1 minute read
VMAN Art
Jon Rafman
As the models marched into last fall’s Balenciaga show, a 360° video installation spun an artificial, Windows-98 blue sky overhead. The LED firmament, which coursed with multicolored techno-sludge throughout the show, left guests, as one writer put it, “stunned for a good few seconds” (an eternity for Fashion Week). It had taken Jon Rafman two sleepless months to build—starting that spring after he bumped into creative director Demna Gvasalia at Art Basel.
The blue sky, Rafman says, symbolized the “blue screen of death,” a predecessor to Apple’s rainbow wheel. “I thought it would be funny and jarring to have this epic installation and start off with a [malfunctioning] computer,” says the Montreal native. His impulse to troll can be traced to so-called “pro-surfer” net culture. “We very seriously considered ourselves professional Internet surfers,” he says. Fashioning himself as a neo “flaneur,” Baudelaire’s term for one who wanders the streets for inspiration, Rafman would extract landscape fragments using Google Street View, clicking between the surreal (a buck running down the highway) and the cursed (a car crash). “I was always interested in the [web’s] darker underbelly,” he says. “I think artists have always explored the margins of society.”

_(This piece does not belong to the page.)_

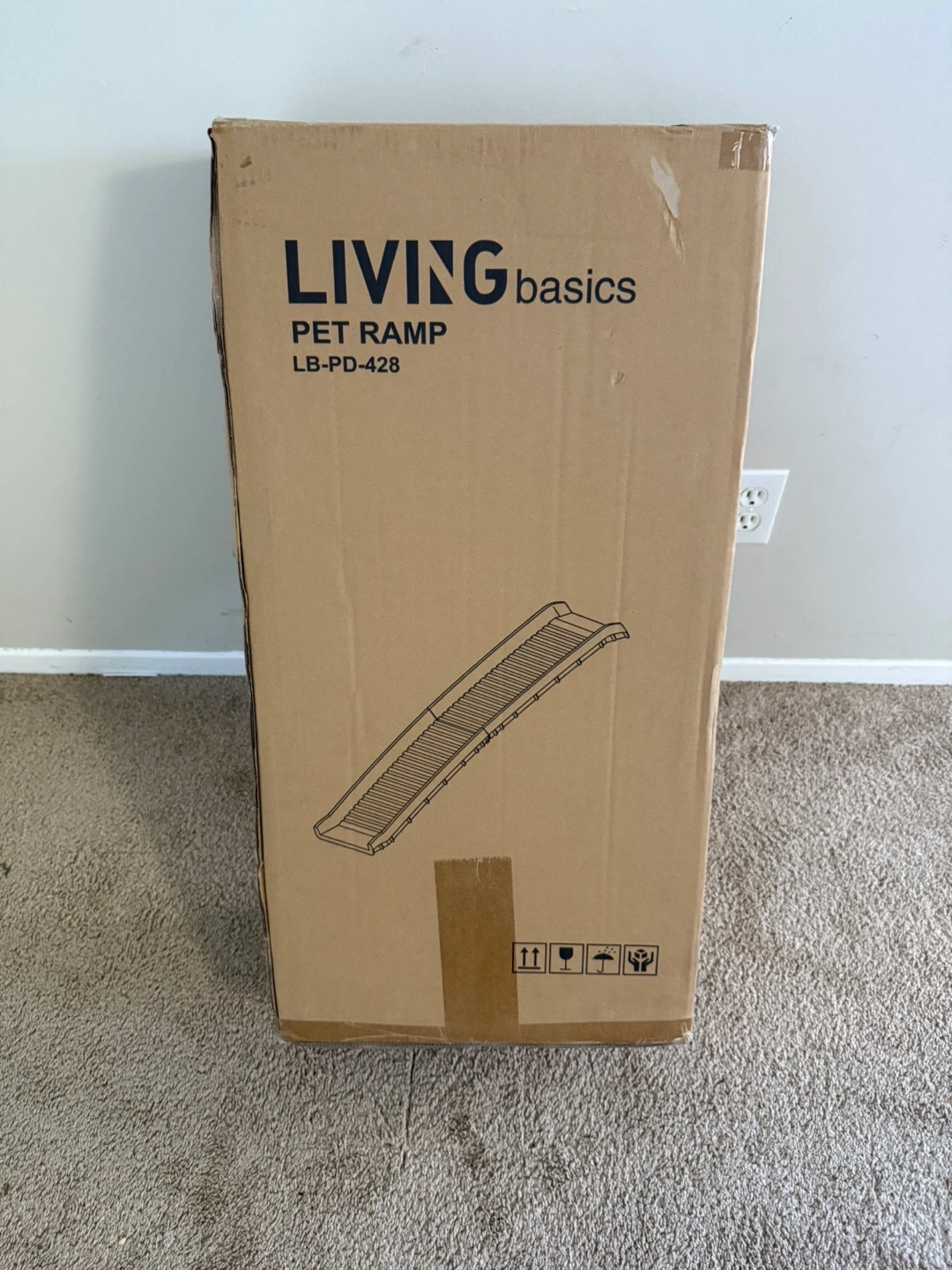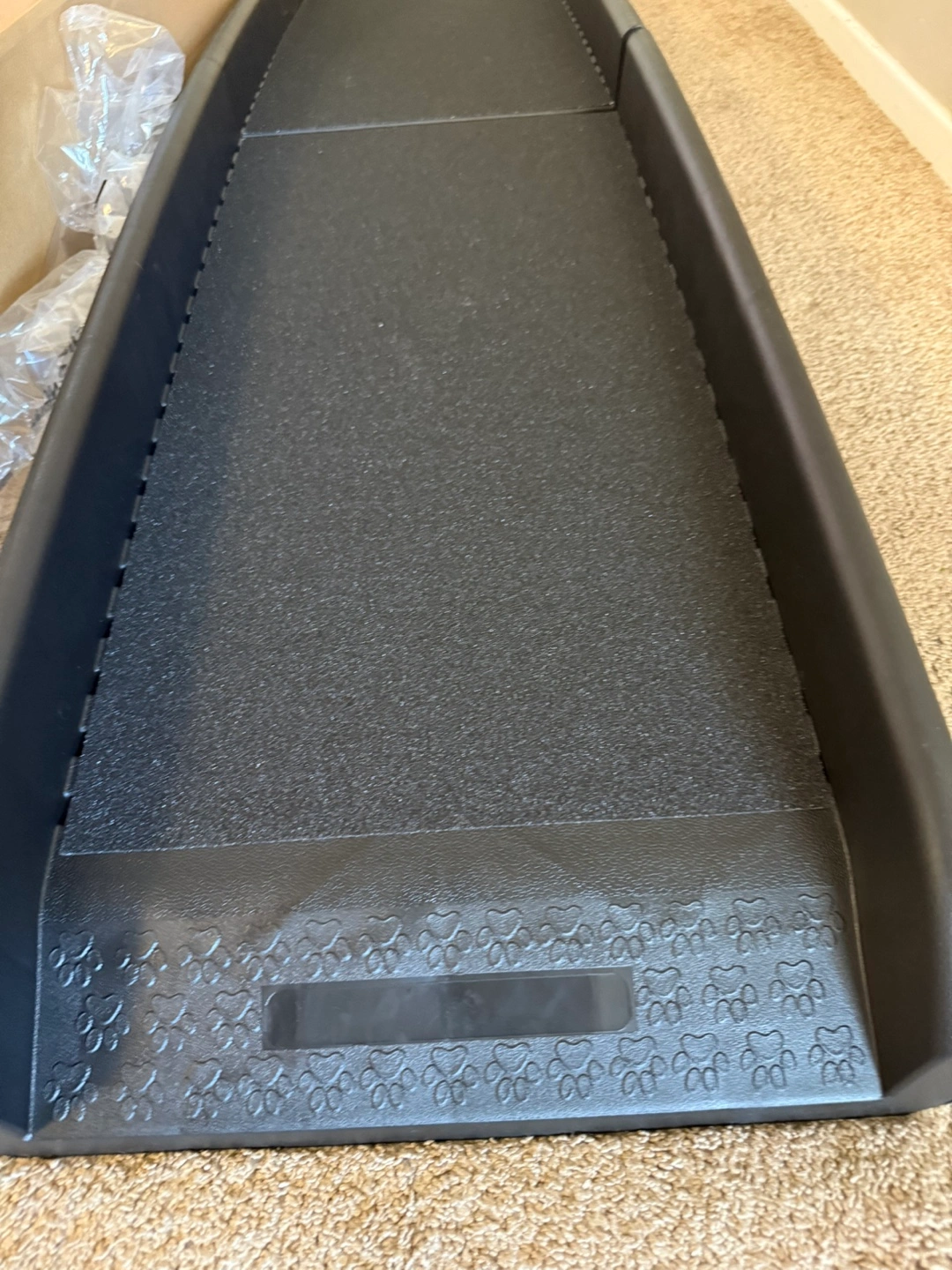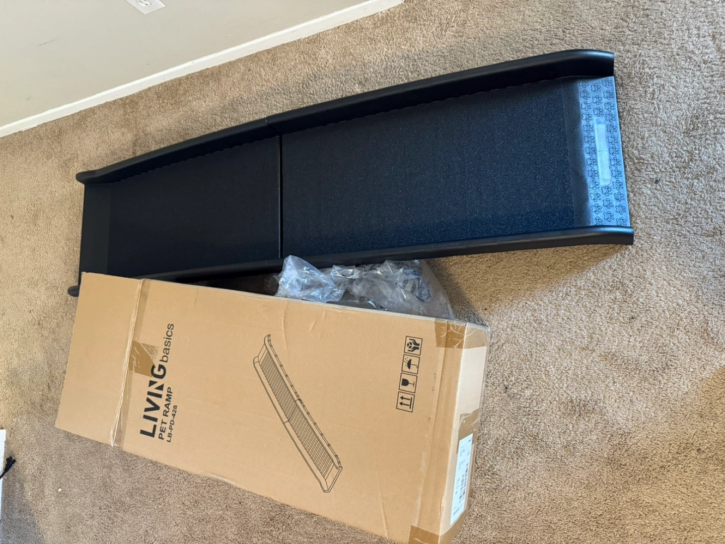 New pet ramp in box. Folds for easy storage. Supports up to 150 lbs. Black colour. Measures 62" long, 16" wide, and 4" high when unfolded. 31" wide when folded. Pick up at Frobisher Lane.

That outsider status informed his later branded work for Gvasalia. Of his kinship with fashion’s foremost troll, Rafman says, “I believe both Gvasalia and I share a disregard for the hierarchies of high and low culture. Our work collapses irony and romance into one...and [he] gave me complete and total creative control, literally.” For inspiration Rafman drew from his years plumbing the web’s vast repository of subcultures, from primitive instant messaging platforms called “multi-user dungeons” to LARPing, a combination of cosplay and live-action roleplay. “Partly what I liked about the Balenciaga installation, and a lot of the virtual spaces I’ve explored is that they’re more honest because they reveal their own simulatedness and artificiality.”
Following his high-fashion debut, Rafman intends to wander more virtual worlds of his own creation. “In the past I’ve explored virtual worlds as an online voyager,” he says. “[Now] I’m trying to create my own vast virtual worlds from scratch.”